1 foo%20bar 3 42.1315927

An object called “foo bar” with the UTF-8 string value of “zorkmid☯” (note the unusual glyph at the end, which takes 6 UTF-8 code points to represent):

1 foo%20bar 1 zorkmid%E2%98%AF%EF%B8%8F

An object called “foo bar” with the arbitrarily encoded string of Java bytes [102, 111, 111, -128, 98, 97, 114] as the value:

1 foo%20bar 7 foo%80bar

An object called “foo bar” that is a structure containing a child structure called “infocom” containing a single child, a list called “zork” with 3 unnamed elements that are all integers.
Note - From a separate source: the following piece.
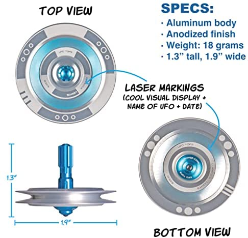 PRECISION MACHINED METAL SPINNING TOP: Each of our Aluminum models are made from aerospace-grade aluminum. Aluminum contains many unique properties including: corrosion resistant, durable, temperature resistant, low maintenance, attractive appearance, and environmentally friendly. Each UFO is precision CNC machined to a tolerance of 0.005”. Also, each top features a ceramic spin ball that is 8x harder than steel and nearly perfectly smooth. POST TREATMENT: After each piece is precision machined, anodizing and laser etching is performed. After anodizing a precision laser etches very fine details onto the top and bottom of the UFO. This precision is the size of a human hair 0.001”. These fine entails label the UFO with the name and UFO sighting date and provide unique details that highlight the uniqueness of the UFO. These details also create a visual display when spun. LONG SPINNING, PERFECTLY BALANCED: With some skill and practice each of the Triangulum aluminum models can achieve a spin time in excess of 4 minutes. The top feels like it will spin forever. After a short duration the top will enter hover mode – is when the top has achieved perfect balance. Once achieved it feels like the top is standing still or hovering. The machined dome allows for invert spins! FUN FOR EVERYONE: UFO Tops are fun for all ages, men, women, adults, children, teenagers, and just about everyone. They are pocket sized- roughly 2” wide and 1.5” talls. They are great in a backpack, in a drawer or on your desk near the keyboard and mouse. PERFECT FIDGET AND FOCUS TOY: UFO Tops are a fun analog toy that helps you reduce stress, and reduce your screen time. Many find tops relaxing, reduce stress and anxiety, and better emotional control. Also fun is spin competitions with friends and family. See who can spin the longest upright spin and then inverted or upside down spins. THE PERFECT, UNIQUE GIFT: UFO Tops are one of a kind, that comes through from the precision machining, laser etching, artwork and custom designed packaging which includes the UFO sighting artwork and the display window. You will have fun learning about the UFO sighting event that inspired the design and detail of your UFO Top.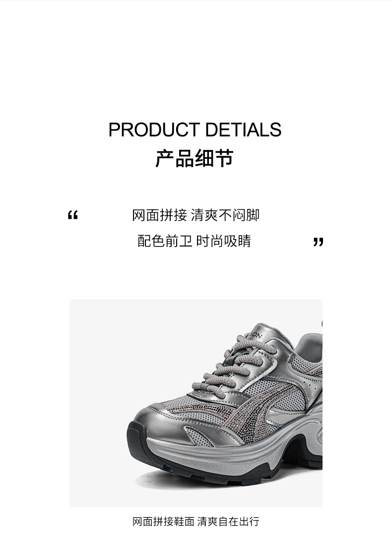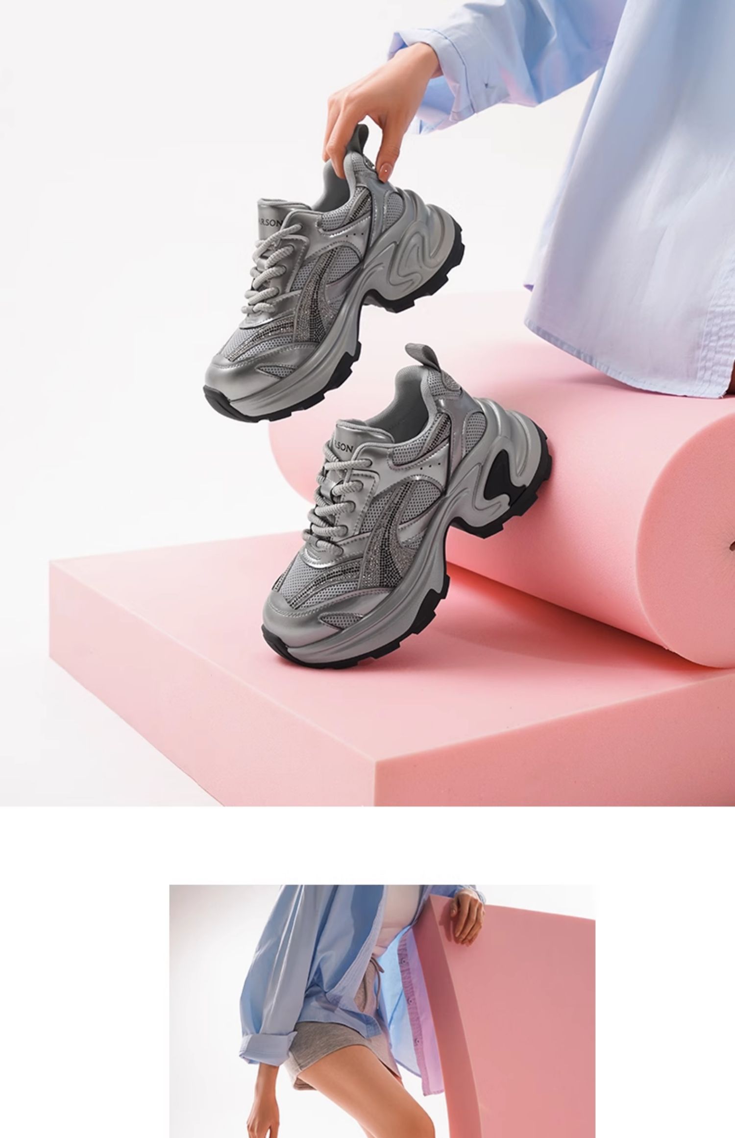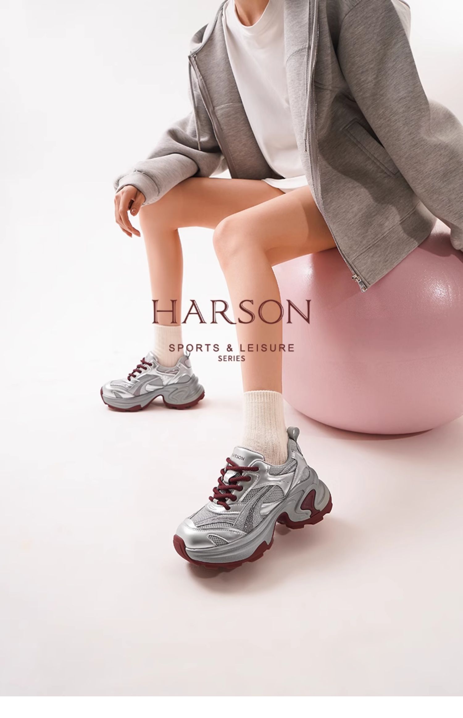 哈森厚底网面老爹鞋女2025春季新款潮流个性休闲运动鞋HCS251605

1 2 3 4 5 6 foo%20bar 4 1 infocom 4 1 zork 5 3 . 2 1 . 2 2 . 2 3

Message Framing

There are two candidate framing mechanisms for transporting a single message over a socket:

  • CRLF termination

  • Length-Prefixing

The former is easier to implement but the latter is more efficient for receivers since each byte doesn’t have to be examined one at a time by the network layer, and is also the implementation used in the previous versions. A final determination will depend on testing of exactly how the Spring Integration socket layer actually deals with this since all the current testing has been done with one-off connections that are closed after a single exchange. The major advantage to CRLF termination is ease of message construction for tests since the length-prefixing is binary data.

Messaging Protocol

The application messaging protocol is layered on top of the DDF data structure by defining conventions for the content of the object in order to represent both the target of the message and the input to the operation. The convention is simply that the root object’s name contains the name of the endpoint to receive the message. Endpoints will have unique names in a manner to be determined. The rest of the object’s content consists of the input to the desired operation and is defined by the endpoint and the operations(s) it may support. Operations are defined to return an output object. The output object cannot be null, but may be empty, and the contents are entirely defined by the contract for the operation.

Error handling or reporting exceptional conditions is up to each operation but will most often be handled by raising exceptions. Exceptions are captured and remoted back to the caller by constructing an output object named “exception”. The object is a structure with the required string member “type” containing the Java class name of the exception, and the optional members “message” (a string) and “exception” (a structure). The latter if present contains the cause of the original exception and is encoded in the same way, with arbitrary nesting permitted to capture the exception chain.

Since the implementation of the client and server will now be separated rather than a single code base, there will be more effort to define and document these endpoint names and input contracts as a public API. Generally any data passed beyond that specified can be passed but safely ignored (this also potentially allows pipelines to be built since a message can be transformed and passed along to additional recipients. This hasn’t been done in the SP to this point because the message dispatching process was tightly coupled to the socket processing code, but should be more possible now.

Open Issues

The code currently does a lot of verbose conversion work outside the DDF layer to handle time_t data by encoding it to strings using a formatting pattern and then parsing it back. This was mainly to deal with the fact that the size of time_t grew to 64 bits so it wasn’t clear how to handle mismatches in architecture. I would like to change this and add a native DDF type for it, but I’m not sure how to do that. For now, support has been added for 64-bit integers that may work on 32-bit compilers.

There is currently no prefix or magic sequence to deal with versioning, but we may need to add this.